The check digit is needed in order to avoid incorrect decoding. If the barcode was 1234, and it was recognized as 7234, then a validation is needed, which will prevent the replacement of 1 by 7. Validation may be inaccurate, so that at least 90% of non-valid numbers are determined in advance.

1st approach: Let's just take the amount. So that the remainder of the division by 10 was 0. Well, that is, the first 12 characters carry the information load, and the last digit is chosen so that the sum of the digits is divided by 10. We decode the sequence, if the sum is not divisible by ten, then it is decoded with a bug and you need to do this one more time. For example, code 1234 is valid. 1 + 2 + 3 + 4 = 10. Code 1216 is also valid, but 1218 is not.

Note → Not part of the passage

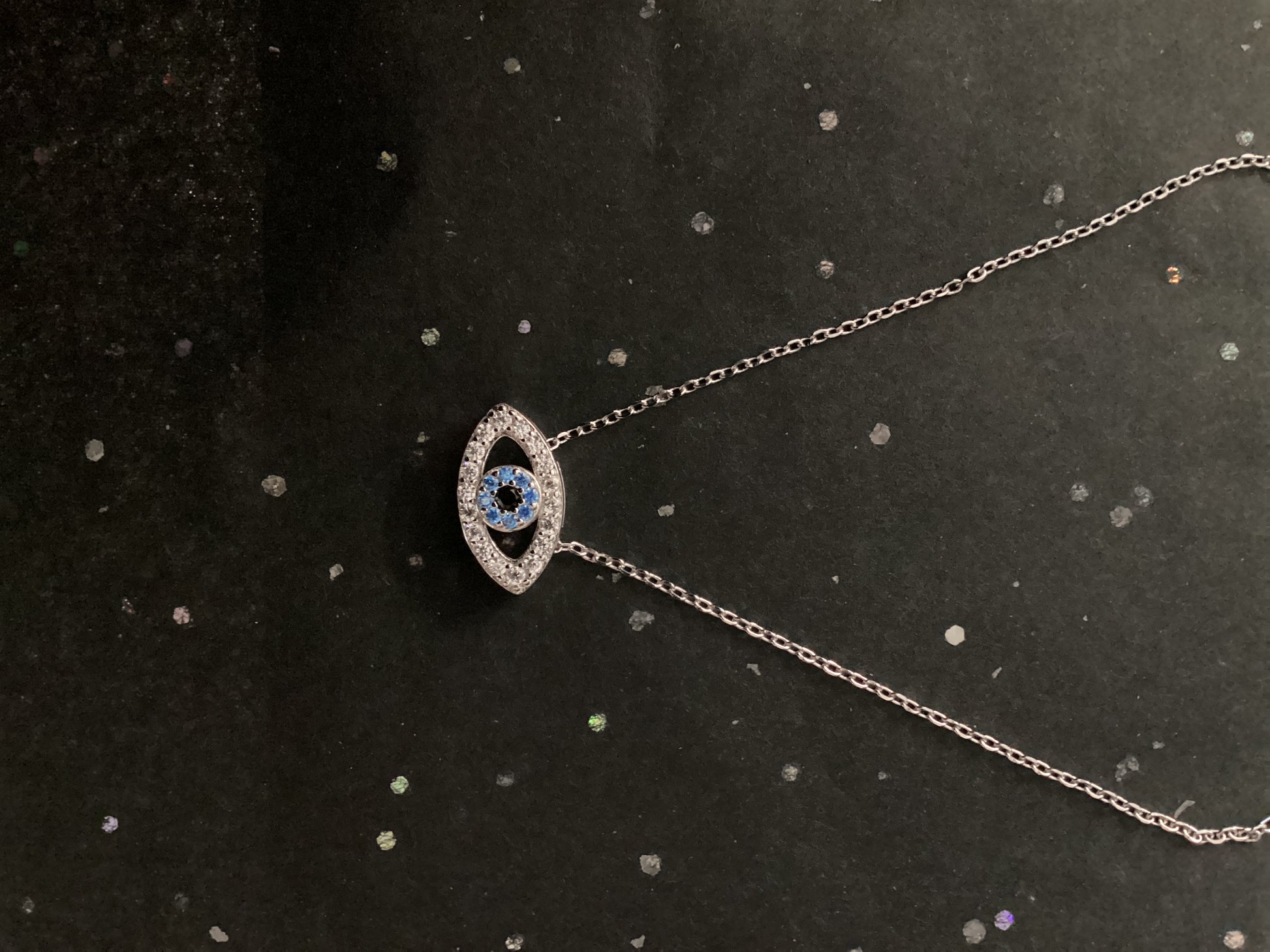 Sterling silver large evil eye necklace with rhinestones. Chain included.

This avoids problems with automation. However, at the time of the creation of bar codes, there was a fallback in the form of stuffing the number on the keys. And there is a bad case: if you change the order of two digits, the checksum does not change, and this is bad. That is, if barcode 1234 was hammered in as 2134, the checksum will converge, but the number we got is wrong. It turns out that the wrong order of numbers - this is a common case, if you knock on the keys quickly.

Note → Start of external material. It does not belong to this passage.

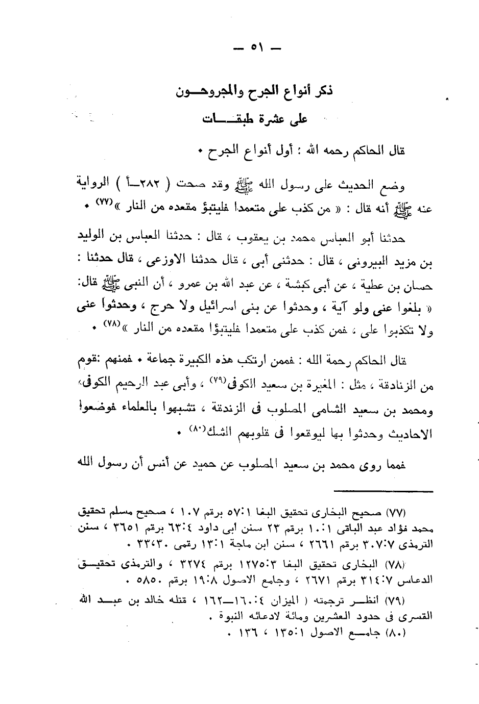 قَالَ الْحَاكِمُ رَحِمَهُ اللَّهُ أَوَّلُ أَنْوَاعِ الْجَرْحِ وَضْعُ الْحَدِيثِ عَلَى رَسُولِ اللَّهِ صَلَّى اللَّهُ عَلَيْهِ وَسَلَّمَ وَقَدْ صَحَّتِ الرِّوَايَةُ عَنْهُ صَلَّى اللَّهُ عَلَيْهِ وَسَلَّمَ أَنَّهُ قَالَ مَنْ كَذِبَ على متعمدا فليتبؤ مَقْعَدَهُ مِنَ النَّارِ

2nd approach. Well, let's make the amount a little more complicated. So that numbers on even places are counted twice. Then, when changing the order, the amount just does not converge to the desired. For example, the code 2364 is valid (2 + 3 + 3 + 6 + 4 + 4 = 20), and the code 3264 is non-valid (3+ 2 + 2 + 6 + 4 + 4 = 19). But this turned out to be another bad example. Some keyboards have ten numbers arranged in two rows. the first row is 12345 and below it is the second second row 67890. If instead of pressing key “1” you press key “2” to the right, then the checksum will warn you about incorrect input. But if instead of pressing the "1" key below, press the "6" key - it may not warn you. After all, 6 = 1 + 5, and in the case when this figure is in an even place when calculating the checksum, we have 2 * 6 = 2 * 1 + 2 * 5. That is, the checksum has increased by exactly 10, so its last figure has not changed. For example, checksums Kodv 2134 and 2634 are the same. The same mistake will happen if instead of 2 we press 7, instead of 3 we press 8 and so on.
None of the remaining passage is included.